Published: 21 March 2006

Abstract

Introduction

BRCA1 and BRCA2 mutation carriers are at increased risk for developing both breast and ovarian cancer. It has been suggested that carriers of BRCA1/2 mutations may also be at increased risk of having recurrent (three or more) miscarriages. Several reproductive factors have been shown to influence the risk of breast cancer in mutation carriers, but the effects of spontaneous and therapeutic abortions on the risk of hereditary breast cancer risk have not been well studied to date.

Methods

In a matched case-control study, the frequencies of spontaneous abortions were compared among 1,878 BRCA1 mutation carriers, 950 BRCA2 mutation carriers and 657 related non-carrier controls.

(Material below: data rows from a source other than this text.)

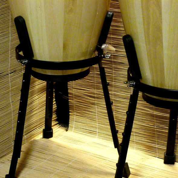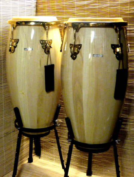 Wooding congas pair, natural wood, golden brackets, available sets: 10"+11" or 11"+11"3/4. Furnished with adjustable basket stands.
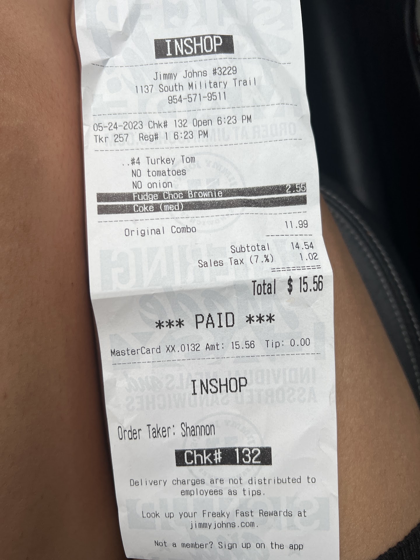Read moreI visited this location and I dealt with Shannon. I ordered the original combo for $11.99 and I was charged $15.56. I noticed on the receipt she charged me $2.55 for the brownie. I called a different location and their manager stated itâs in fact only an .89 cent up charge with the combo. I went back inside and she said thatâs the full cost and the managers are âstrictâ on the brownies lately when she couldâve charged me the up charge instead. She also mentioned how busy the store got today and how much $ the store made within two hours, no wonder why! Your staff is probably bringing all the brownies home or trying to make the $ back on what gets taken daily. I personally feel I was overcharged when my usual total is at around $12.90. I donât get any other extras. Very disappointed, I will stick to my...
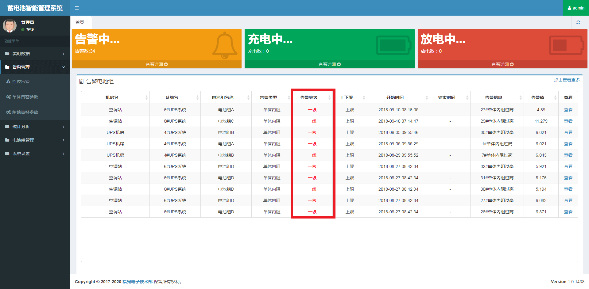 通過遠程管理平臺能對轄區內所有監測的蓄電池組進行站點信息管理、數據實時顯示、告警實時提示、歷史監控數據記錄、歷史充放電數據存儲、蓄電池性能分析、趨勢分析、統計分析、專業報表等。
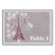 Diese Tischnummer für Ihre Veranstaltungen, Hochzeiten und Party ist grau mit einer extravaganten weißen Grenze und einer Abbildung in tiefbordeauxrot des Eiffelturms in Frankreich, umgeben von weißen, dunklen Blume und dem Text Oh, Paris! Passen Sie Ihre Tischnummer mit der Vorlage an.
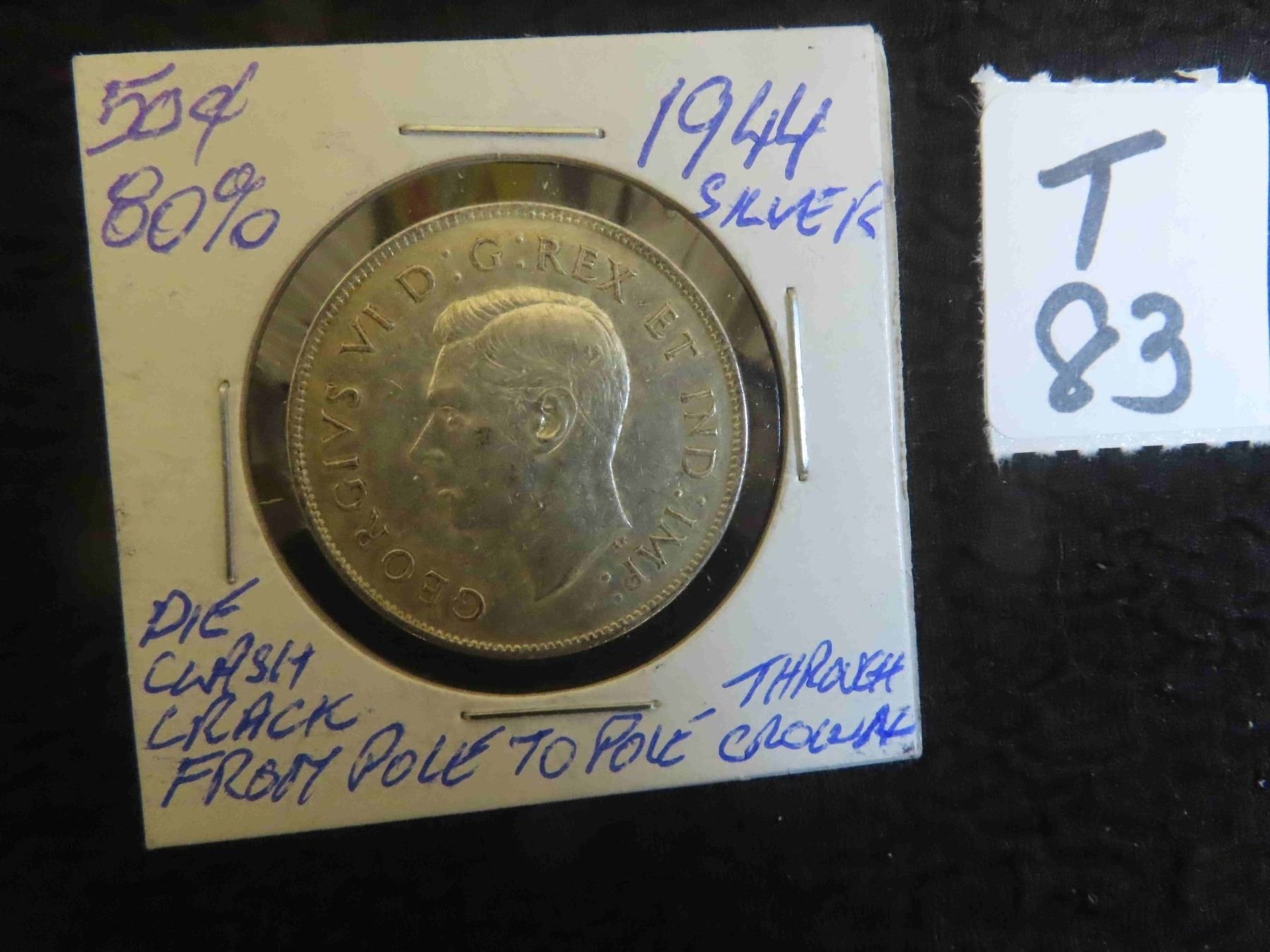 One 1944 Canadian 50 cent piece, 80% silver, long die clash-crack from pole to pole following upper arch of crown, circulated and ungraded

The rates of spontaneous and therapeutic abortions were compared for carriers with and without breast cancer.

Results

There was no difference in the rate of spontaneous abortions between carriers of BRCA1 or BRCA2 mutations and non-carriers. The number of spontaneous abortions was not associated with breast cancer risk among BRCA1 or BRCA2 mutation carriers. However, BRCA2 carriers who had two or more therapeutic abortions faced a 64% decrease in the risk of breast cancer (odds ratio = 0.36; 95% confidence interval 0.16–0.83; p = 0.02).

Conclusion

Carrying a BRCA1 or BRCA2 mutation is not a risk factor for spontaneous abortions and spontaneous abortions do not appear to influence the risk of breast cancer in carriers of BRCA1 or BRCA2 mutations. However, having two or more therapeutic abortions may be associated with a lowered risk of breast cancer among BRCA2 carriers.